Adrian Lander is the Co-Founder of Agnostic Agile, one of the largest, leading and influential global Agile movements. He is also an industry veteran with more than 27 years global experience in Executive and Team coaching, Agile delivery, software product management (amongst other things).

I hold Adrian in high regard and wanted to hear his thoughts on my last post titled Patterns of enterprise agile dysfunction. The following is what he had to say.


Adrian Lander on being Agile

I have been a programmer and software developer since the mid-70s.

I am also one of the few agile coaches who still develops software alongside my main work with a lot with senior management, where my biggest value has been for past years. I do not need to develop, but I want to. My heart is still with (agile) SW product development. It also helps me (still) understand deeply the work SW developers do nowadays.

Scrum often has done not much more than “transform” teams with an – often – experienced (SW) Project Manager to a team with an – often – inexperienced “Scrum Process Manager”, with all the usual promises mostly unfulfilled in the end. When there is more of a facilitation stance, there are also real risks and drawbacks with the often uninformed, unqualified, hands-off, “outside process coaching” focus.

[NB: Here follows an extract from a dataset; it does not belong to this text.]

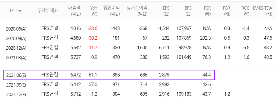 당사의 2021년 2분기 예상 실적은 매출액 6,472억 원으로 전년 동기 대비 61.1% 증가하고, 영업이익은 885억 원, 당기순이익은 686억 원으로 흑자 전환할 것으로 추정했습니다.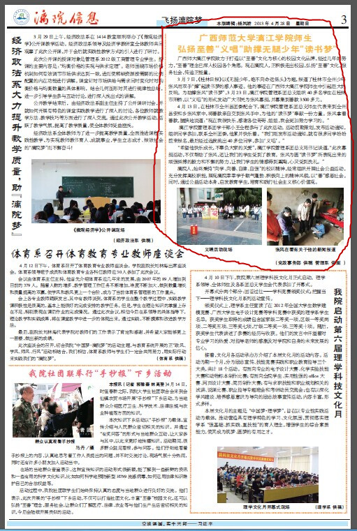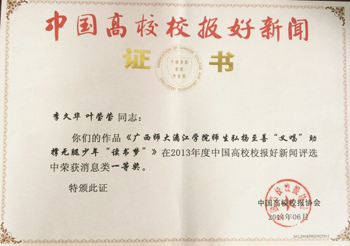 今年6月,中国高校校报协会公布了“2013年度中国高校校报好新闻”评选结果:学院报纸---《漓院信息》中的《广西师大漓江学院师生弘扬至善“义唱”助撑无腿少年“读书梦”》(作者:李久华 叶莹莹)荣获消息类一等奖。

After the Scrum honeymoon period is over, one can often see fallback and rarely continuous improvement in capability. The framework becomes the new plateau, the new “method prison”, the box through which too many involved start to see the world.

Inherently, Scrum is a wrapper and has nothing to do with SW development.

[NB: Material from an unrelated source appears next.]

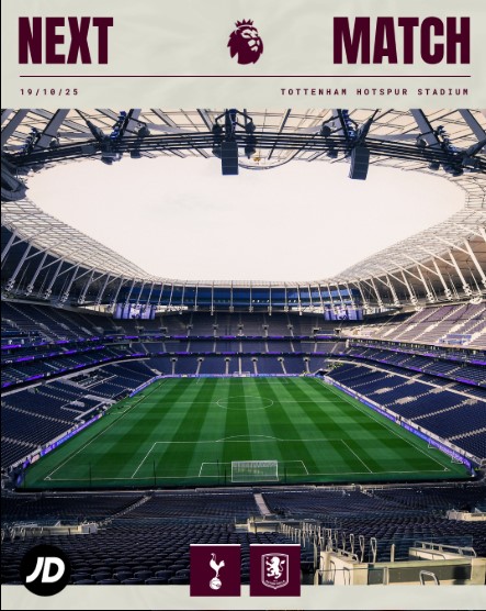 The Premier League returns with a thrilling encounter in North London as Tottenham Hotspur host Aston Villa in Matchday 8. Both sides are determined to make their mark — Spurs chasing a long-awaited title, and Villa looking to climb back into the top seven after a challenging start to the campaign.

People who were doing (early) agile SW development before Scrum and/or have been exposed to other approaches like XP, Kanban, Lean SW Development etc regularly see that.

Should programmers care? From an agile business benefits perspective – where agile puts the first priority – yes. However, SW developers – I prefer that term – understandably may:

  • think that it is not their responsibility, but for others to sort out (“let them do their job”)
  • better than the command & control situation they got pulled into in the past
  • as good as it gets in reality (“a job is a job”)
  • less of a concern as they can work around and do their own thing
  • all the same, whatever framework gets bought and pushed
  • etc

But these are all situations of unfulfilled opportunities.

The reality is that we can create much better situations that are sustainable and further evolved.

But it takes time, structural change and commitment, harder to get skill sets all around, stamina and perseverance, vision & strategy, realism, etc. All the things rare to find in a fast-paced, superficial world of siloed commercial interests and existing, traditional power structures. In such contexts, the framework does not matter.

But even if we get the right context, the framework does not matter.

Practices do. Focus on the right WHAT and sustained development of the context (the organisation).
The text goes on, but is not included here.